James Bennett shares a major landmark addition to the Islamic art collection

A remarkable garment recently gifted to the collection by 
Max Carter, AO, is Talismanic shirt, currently on display in the exhibition No god but God: The art of Islam. This cotton textile, which is testimony to the fervour of religious devotion as a source of inspiration for Muslim artists, dates from the late Ottoman period in Turkey. Elaborately painted with scriptural texts in a variety of calligraphic styles, including thuluth, kufic and naskh, the garment also features talismanic diagrams on both its front and back.

An initial inspection of the black, red and gold inscriptions revealed that the texts include customary invocations, such as the Bismallah – ‘In the name of God, the Most Merciful, the Most Compassionate’ – prayers and Quranic verses. The most prominent inscriptions on the front of the garment are the word ‘Allah’ framed in large medallions, as well as His Ninety-Nine Names, written in gold in red, blue and green circles
 with gilt highlights. The word ‘Allah’, which may be translated as ‘The God’, has profound significance in Islam due to the monotheistic and aniconic nature of the religion, which forbids figurative depiction of the Divine. The power of His name is such that the great mystic poet Jalal al-Din Muhammad Rumi (1207–1273) wrote:

Someone who pronounces His name,
his bones don’t decay in the grave.

Talismanic garments inscribed with Qur’anic texts and geometric diagrams have a long history in Islam. Believers regard the Arabic script, even when too stylised or too small to be meaningfully read, as possessing unique apotropaic powers. Being the language of the Divine Revelation, it protects against evil or misfortune. Indeed, the Qur’an is said to be untranslatable into any other language, since God’s message was delivered in Arabic to the Prophet Muhammad (571–632 CE) through the angel Jibril (Gabriel). Such is the potency of the script that Muslim tradition has long attributed magical power to each individual letter of the Arabic alphabet and its associated sound.

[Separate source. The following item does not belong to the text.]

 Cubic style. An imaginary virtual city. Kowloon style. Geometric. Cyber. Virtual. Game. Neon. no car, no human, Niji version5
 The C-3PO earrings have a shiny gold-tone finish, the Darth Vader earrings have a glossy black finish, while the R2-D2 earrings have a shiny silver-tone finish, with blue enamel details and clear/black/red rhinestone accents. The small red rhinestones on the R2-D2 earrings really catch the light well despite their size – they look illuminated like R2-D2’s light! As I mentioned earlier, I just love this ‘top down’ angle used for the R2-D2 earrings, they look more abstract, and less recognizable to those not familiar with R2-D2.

Geometric configurations also form an important visual element on Talismanic shirt. Islam’s fascination with geometry derives from early Greek mathematics and a belief in the supernatural potency of numbers. Several of the Shirt’s linear diagrams are in the form of the ‘endless knot’ motif, itself related to beliefs in talismanic protection. The ancient practice of making magical knots is documented in the Qur’an, with its reference to the black arts of ‘those who blow on knots’ (113:4).

This style of shirt was worn as part of Sufi mystical practices during the period of the Ottoman Empire (c.1299–1922 CE), as well as in a variety of other situations, for example, during war or illness. Talismanic shirt may be seen as the visual representation of certain Sufi devotional practices popular among Ottoman and other Muslims, such as the extended repetition (dhikr) of the Ninety-Nine Names. Further research on the complex textual composition of the shirt’s design may assist in identifying the particular Turkish Sufi order for which Talismanic shirt was made, perhaps Yasawiyya.

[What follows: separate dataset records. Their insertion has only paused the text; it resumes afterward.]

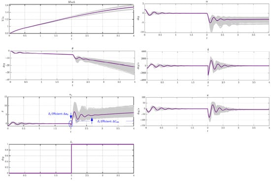 The above analysis is based on the linearized missile dynamics model. To further validate the findings, simulations and analyses were also conducted using the nonlinear missile dynamics model developed in Section 2.1. At the beginning of the simulation ( t = 0 s ), an initial angle of attack α = 2 ° is introduced to excite the system under zero control input. Once the system converges and stabilizes, a step input of δ z = 1 ° is applied at t = 2 s . Figure 9 illustrates the longitudinal open-loop response of the nominal missile model (in purple) and the variation range induced by aerodynamic parameter deviations (in gray). The model exhibits strong inherent stability, with both zero-input responses and responses to control surface disturbances decaying to near zero within 1 s.
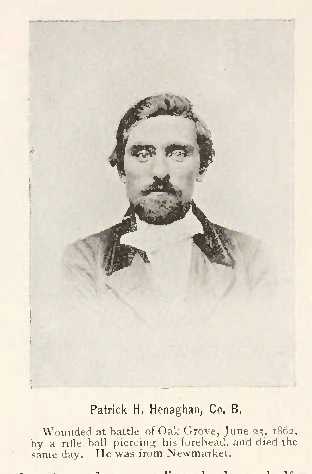 Patrick Henaghan – enlisted from Newmarket on 28 May 1861 at age 28 as a Private in Company B, 2nd Infantry, and he mustered in in 1 Jun 1861. Killed in Action at Battle of Oak Grove, VA 25 Jun 1862 .
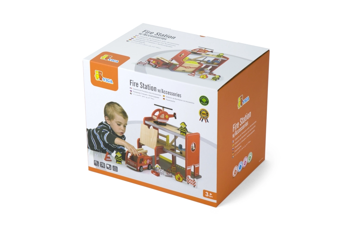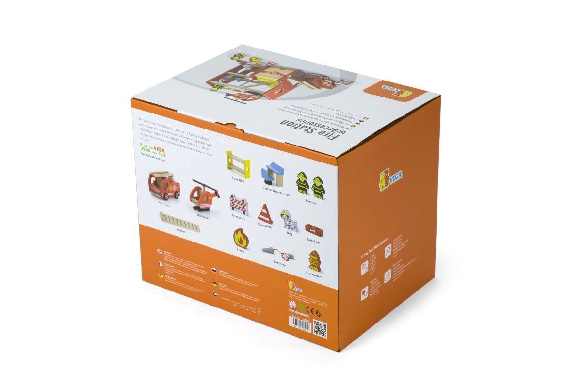 Esta estación de bomberos de madera, ricamente detallada, ofrece a los niños un entorno auténtico para misiones de rescate. Gracias a la estación roja de varios niveles, el camión con escalera y el helipuerto, los niños crean fácilmente sus propias historias y practican la coordinación y el pensamiento lógico.
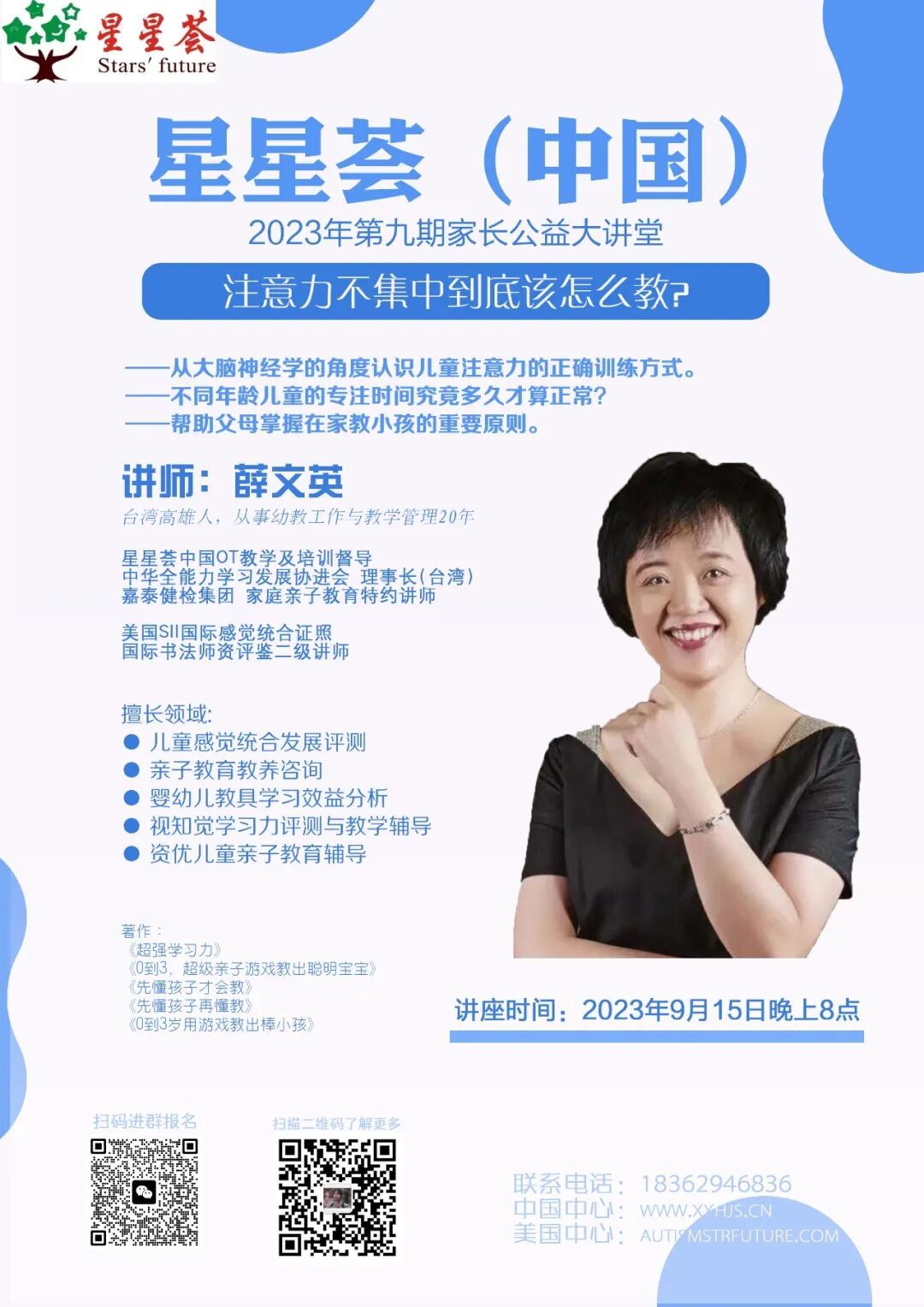 本期公益大讲堂特邀星星荟(中国)OT教学及培训督导薛文英老师为各位家长系统化的从不同方面讲解有关注意力的问题。
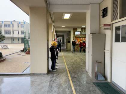 最終日の今日はあいにくの雨で、正門をくぐった廊下で並んで行いましたが、
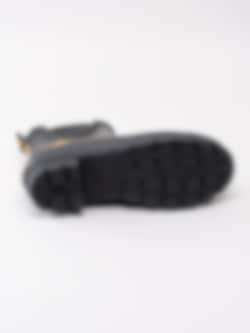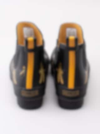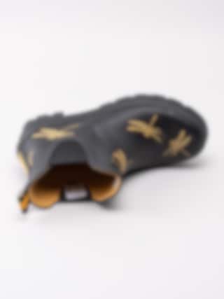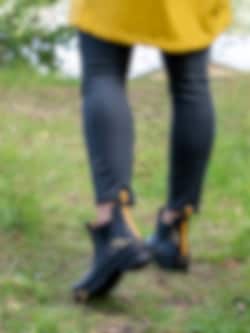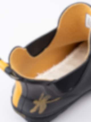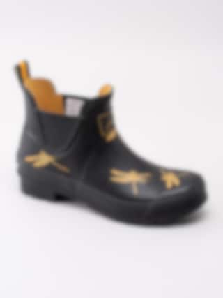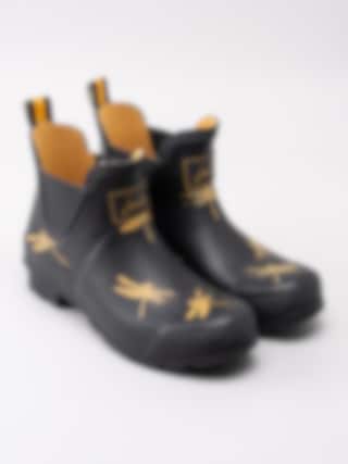 Gummistövel Wellibob från Joules tillverkad i svart naturgummi med gula trollsländor. Gul präglad logga på framsidan av skaftet. Hälla på bakskaft som hjälpmedel vid påtagning. Förstärkt kant runt resår och längs sulan. Gult foder i textil och ljus löstagbar innersula i fuskpäls. Låg klack på ca 3.5 cm. Svart yttersula i gummi med randigt mönster och logga.

Talismanic shirt is a major landmark addition in the development of the Gallery’s collection of Islamic art and the only such garment in an Australian public collection. It is an eloquent example of the belief invested in the magical power of the Arabic text in the Qur’an and the prophylactic role of scripture in Islam.

James is Curator of Asian Art at AGSA. This article first appeared in AGSA Magazine Issue 37.